Your task is to return exactly the lines that run from the one containing "蕨类植物洞是可爱岛上最吸引游" through the end of the listing below, without any pictures.

MATERIAL SHOWN –
# # # # #
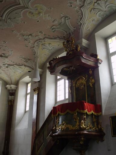 | Keywords: Schlosskapelle, Kanzel.JPG de Absberg Landkreis Weißenburg-Gunzenhausen Bayern Ehemaliges Deutschordensschloss Schlosskapelle heute Kath Pfarrkirche St Ottilia Kanzel an der Südwand own Rensi 2012-04 Saint Odile Church Absberg Pulpits in Bavaria Cc-zero |
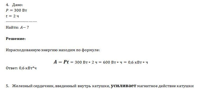 4. Какую энергию из расходует электрический утюг мощностью 300 Вт за 2 часа работы?
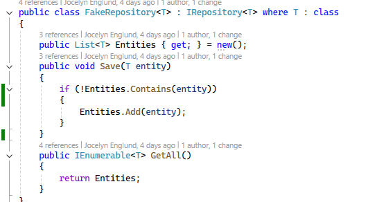 I did have to make an update to the fake repository since it is in memory, i didn’t have to worry about saving changes to existing items, but i did need to not add the same entity if it is already in the list.
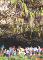 蕨类植物洞是可爱岛上最吸引游客的一个地方。蕨类植物就象嫩绿色的钟乳石一样从40英尺高的洞顶垂悬而下,遮蔽着岩石,宛如仙境一般。到达山洞的唯一途径是从怀卢阿河乘船而上,怀卢阿河是夏威夷唯一可以行船的河流,沿途就可以看到无数迷人的景致。夏威夷人的吟唱、胡科劳舞的表演是参观蕨类植物洞的序曲。 |
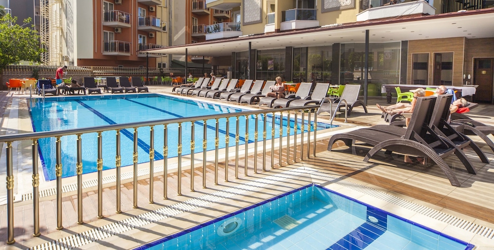Enjoy the outdoor pool and sauna at Kleopatra Ada Beach Hotel for a relaxing stay.
# # # # #
RESPONSE BELOW –
 蕨类植物洞是可爱岛上最吸引游客的一个地方。蕨类植物就象嫩绿色的钟乳石一样从40英尺高的洞顶垂悬而下,遮蔽着岩石,宛如仙境一般。到达山洞的唯一途径是从怀卢阿河乘船而上,怀卢阿河是夏威夷唯一可以行船的河流,沿途就可以看到无数迷人的景致。夏威夷人的吟唱、胡科劳舞的表演是参观蕨类植物洞的序曲。 |
Enjoy the outdoor pool and sauna at Kleopatra Ada Beach Hotel for a relaxing stay.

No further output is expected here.